The classic solution of aborting a process is clearly not oriented towards communication deadlocks! Aborting a process that is waiting for a message does nothing to eliminate the deadlock, since the only way to resolve the deadlock may be for that same process to send a message. Aborting a process is also very undesirable in critical applications, where all processes are expected to run forever or until the power fails.

Deadlock Avoidance

If deadlock recovery is difficult, we are far better off if we can construct our applications in such a way that we can prove that they are deadlock free. This may be done statically, or it may be done, in some more complex settings, by dynamic algorithms.

There is a trivial solution to the problem of deadlock avoidance in a pure resource allocation context: All you need to do is prohibit processes from incrementally allocating resources.

This trivial solution has been widely used, particularly back in the days of batch operating systems taking input from a stream of punched card. These systems typically required each process to declare all resources it might want as a field of the job card -- the head card on the card deck. This is clumsy, and it requires that the process hold all resources it might need for the duration of its run even if it only needs some of them briefly.
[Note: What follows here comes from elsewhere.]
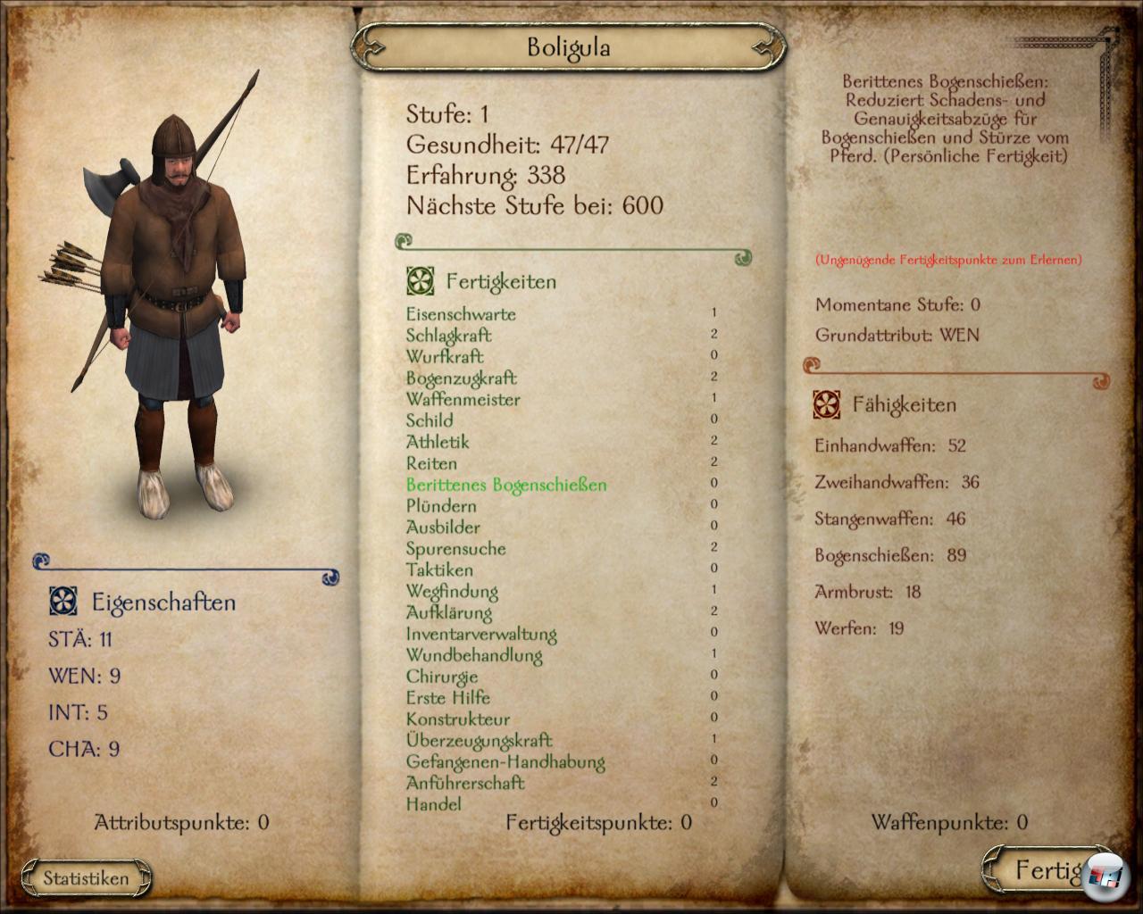 Alles fängt ganz klein damit an, dass ihr in einem recht friedlichen Fürstentum startet. Ein einzelner Mann mit Schindmäre, großen Ambitionen, billiger Ausrüstung und einem halbleeren Geldsäckel. Gleich zu Beginn bietet sich die Möglichkeit, eure Fähigkeiten im Kampf zu trainieren, was nicht schwer ist. Ihr könnt so ein paar Erfahrungspunkte extra erwerben und lernt über das voll spielbare Tutorial hinaus was übers Kämpfen. Besonders wichtig sind die Kampfestalente, die sich grob in Nah-, Fern-, Wurf- und Stangenwaffen wie Lanzen einteilen. Es wird immer das verbessert, was ihr auch einsetzt. Wenn ihr nie mit der Armbrust schießt, verbessert sich euer Wert auch nicht. Ihr könnt auch vom Pferderücken aus kämpfen, was ein Highlight des Spiels ist, insbesondere wenn ihr an einem Turnier teilnehmt.

Claiming Resources in a Strict Order Prevents Deadlock

A less trivial solution to the deadlock avoidance problem is to require that all resources be acquired in a strictly predetermined order. For example, any process that requires both the modem and the laser printer must acquire the modem first and the printer second. As long as this rule is enforced, it will be possible to guarantee that the system is deadlock free with regard to these two resources because it will be impossible for one process to claim the modem and then request the printer while the other claims the printer and then requests the modem.

It is always possible to impose a total ordering over all resources. Any ordering will suffice, so long as all processes adhere to it. For example, resources may be ordered in alphabetical order by resource class, and then in numerical order, within each resource class, by resource address. Many applications can be rewritten to comply with such an ordering constraint, but many others cannot.